[MKT] FX Strategy - US data undermining the USD
In a holiday shortened week, the market focus is still likely to be mainly on the aftermath of the Fed hike and whether the subsequent US data suggests the Fed was justified in raising rates for the first time in 10 years. Up to now, the latest US manufacturing numbers have not been particularly encouraging, with industrial production, the Markit manufacturing PMI and the Philly Fed index all on the weak side of expectations, and US long term yields have actually edged lower since the FOMC. However, they have fallen less substantially than yields in the Eurozone, so the T-note/bund spread has moved slightly in the USD's favour, though not so much as to suggest scope for a significant move below 1.08 in EUR/USD. This level was under pressure on Friday, but the failure to break and more weak US data in the form of the lower than expected Chicago Fed national activity index on Monday helped push EUR/USD back through 1.09.
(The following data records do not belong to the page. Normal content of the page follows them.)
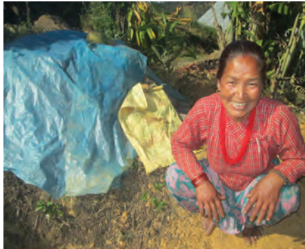
Sovit Man's wife in front of plastic pond to collect waste water (left) and solid waste turned into organic fertilizer (right)
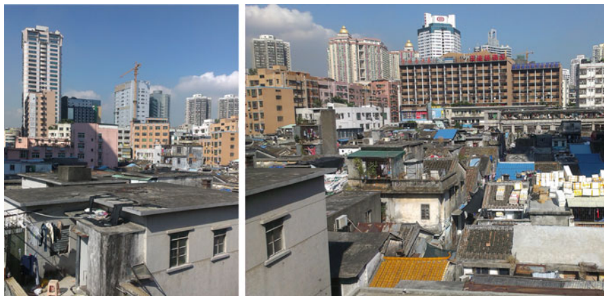
Fig. 14.1 Hubei village in the central urban area, Luohu district, of Shenzhen.
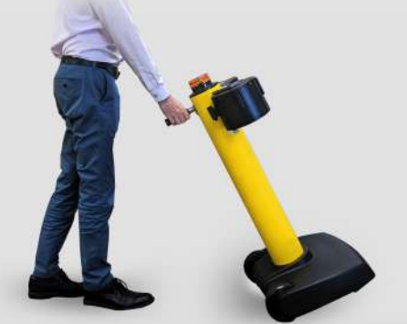
Easy to move and set up
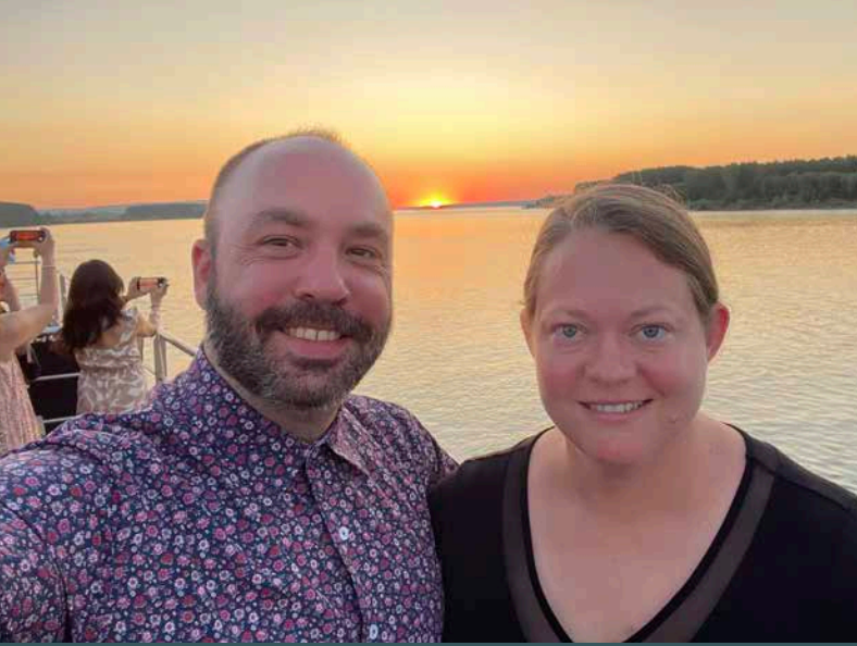
TAKING IN A STUNNING SUNSET
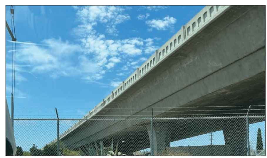
FF-29: SR-90 East at Culver Boulevard
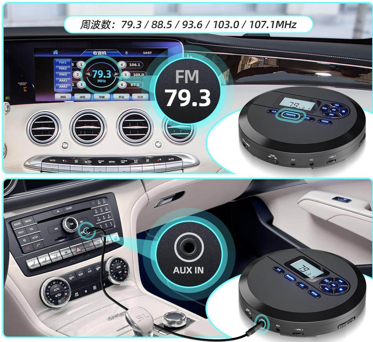
Image: Desobry Portable CD Player with its accessories, including headphones, AUX cable, and USB-C charging cable.
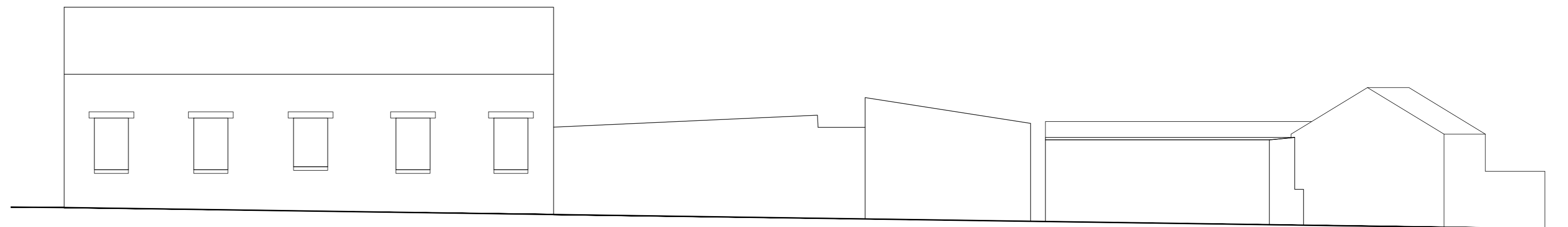
Western Elevation 1: 100
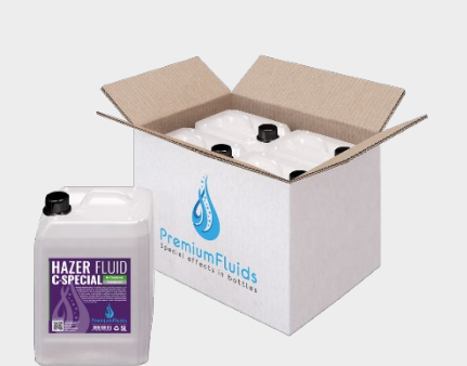
Boxes 6x2,5L – 4x5L
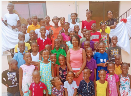
Surrounded by love and care — children growing up at the Cazeau Orphanage with dignity and hope for the future

For children without families, Project Hope provides a safe home filled with love, dignity, and opportunity. This year, orphanages were strengthened with new mattresses for restful sleep, repaired flooring, and vocational training supplies to help prepare children for the future.
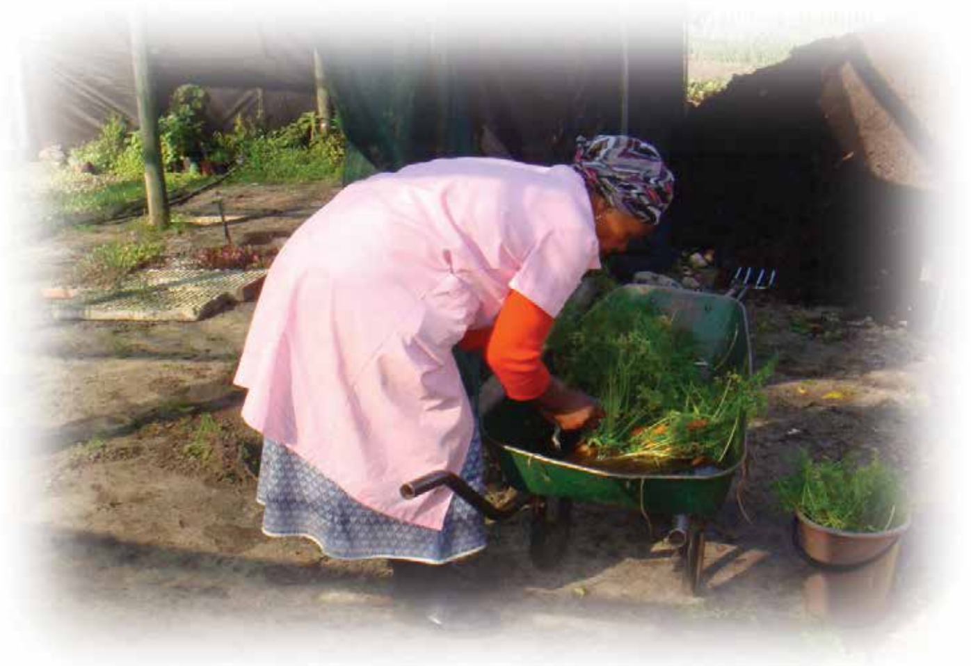
Abalimi Bezekhaya farmer, Cape Flats
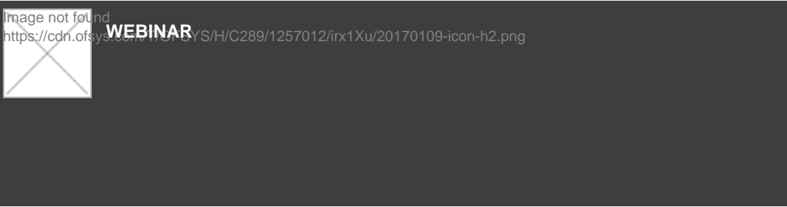
Image not found https://cdn.ofsys.com/FILES/H/C289/1257012/irx1Xu/20170109-icon-h2.png
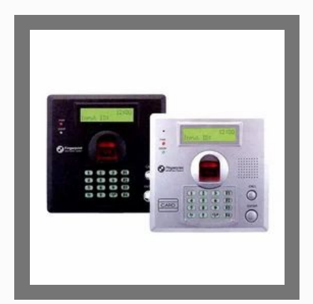
Finger Print Readers
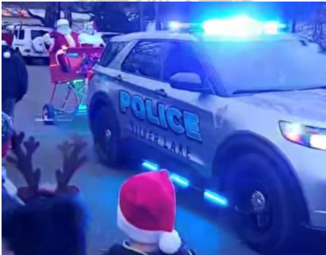
Police Department escorting Santa and Mrs. Claus into the village
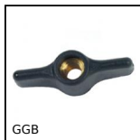
Female wing knob, Fully threaded
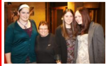
3rd Huyton Guide Leaders
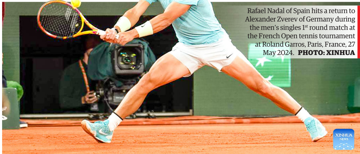
Rafael Nadal of Spain hits a return to Alexander Zverev of Germany during the men's singles 1st round match at the French Open tennis tournament at Roland Garros, Paris, France, 27 May 2024.

"We are really excited to continue this journey with no limits to our dreams," said Emery on the club's website. — Xinhua
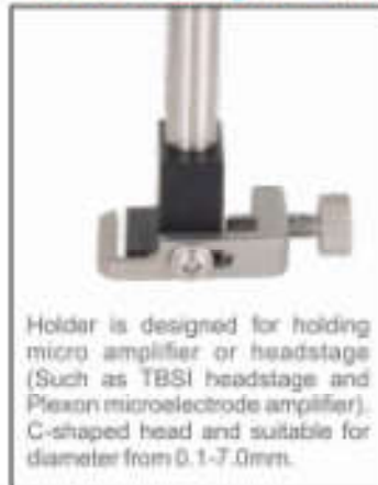
68106 Headstage Holder

Holder is designed for holding micro amplifier or headstage (Such as TBSI headstage and Plexon microelectrode amplifier). C-shaped head and suitable for diameter from 0.1-7.0mm.
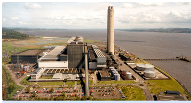
Biomass power, Scotland

Global capacity of small hydropower and biomass power came to 73 GW and 45 GW respectively by the end of 2006. Solar thermal for power generation is another promising technology that is again seeing growth, with new projects in the United States and Spain. And solar thermal for water heating continues its rapid rise. Rooftop solar collectors now provide hot water for more than 50 million households worldwide.
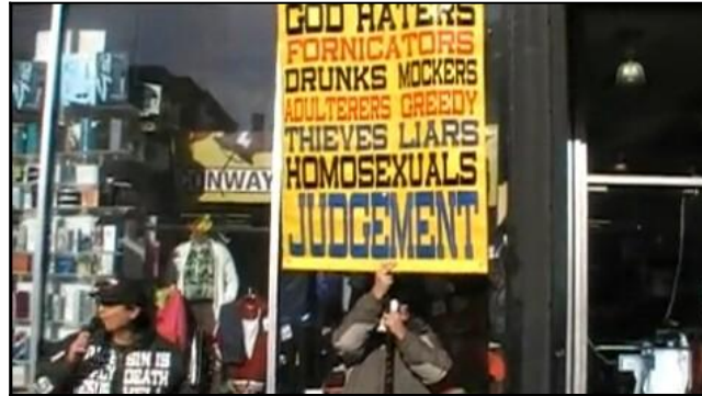
Preaching Outside A Catholic Church

Videos of street preachers in the United States proclaiming the Gospel to passersby in various downtown areas, mostly on the east cost of the U.S.
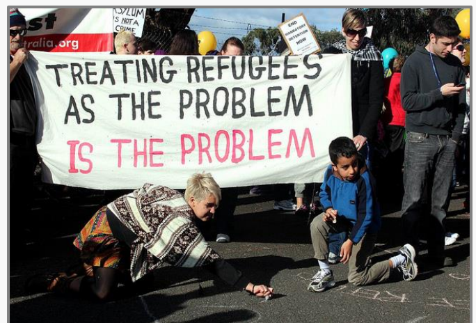
Refugee Rights Protest.

repatriate illegal Moroccan immigrants. This agreement with the king of Morocco, signed on the 28th of January, came to being following the mass sexual assaults in Cologne on New Year's Eve and heightened pressure from Angela Merkel's Bavarian allies to restrict migration flows. Also, Berlin is attempting to reduce the flow of Northern African migration by declaring Morocco, Tunisia and Algeria as “safe countries” and therefore increasing the number of migrants unqualified for political asylum. The wave of millions of people entering the EU alongside failed common policies in regards to regulation of migration flows and relocation of refugees have led many member states to pursue diverse measures in order to secure national borders. The warnings are vast, coming from politicians and academics, but could be summarised by the European think tank Bruegel: “Without a European solution, political pressure will rise and Schengen will be in danger”.

There is a lot of US data over a short period this week, but typically at this time of year the data is secondary to transactional demand and book tidying exercises, so we doubt that we will see new trends begin. We still favour a mildly positive USD tone medium term, but some better US numbers look necessary if we are to see any USD advance this week. At the very least some improvement in the equity market, which has slipped back after the post-Fed rally, looks necessary to restore risk appetite in the FX market. We still regard equities as generally good value relative to bonds and cash at current levels, and the Fed hike doesn't change this. There is probably more value to be had outside the US, but we would still favour an equity rally into the end of the year and 2016, and that should favour the more risk positive currencies.
The weakness in equity markets has seemed to weigh on GBP for much of the last few weeks, helped also by declining confidence in an early UK rate hike due to slowing wage growth, and growing concerns about the potential impact of an EU referendum next year. GBP could well be a target currency for the USD bulls in the coming weeks, as the threat of the EU referendum looks likely to discourage the GBP bulls even if there is a more positive risk tone, and any loss of risk appetite seems likely to have a more negative impact on GBP than the USD. GBP/USD consequently looks vulnerable, and even though we are approaching the bottom of the weekly channel in GBP/USD, we would see bounces towards 1.50 as a selling opportunity. EUR/GBP broke above 0.73 on Monday and looks set for further gains with initial potential towards the channel top near 0.7370, but longer term we see scope for a move back up above 0.75 unless the UK data improve sufficiently to re-ignite the prospect of an early rate hike.
Our favoured currency remains the SEK, with more evidence of the strength of the economy emerging on Monday with the economic tendency survey (the best indicator of GDP) rising sharply once again to another new post 2011 high, suggesting the Q3 growth rate of near 4% y/y may even accelerate in Q4. The National Institute economic forecast also raised GDP growth for 2016 to near 4%. The SEK gained modestly, but may have much bigger gains to make medium term, though for now Riksbank resistance to SEK strength limits the upside, especially against a strong EUR. Tuesday's retail sales data may determine the short term direction, but even if the data disappoints we would be SEK buyers on any dip. .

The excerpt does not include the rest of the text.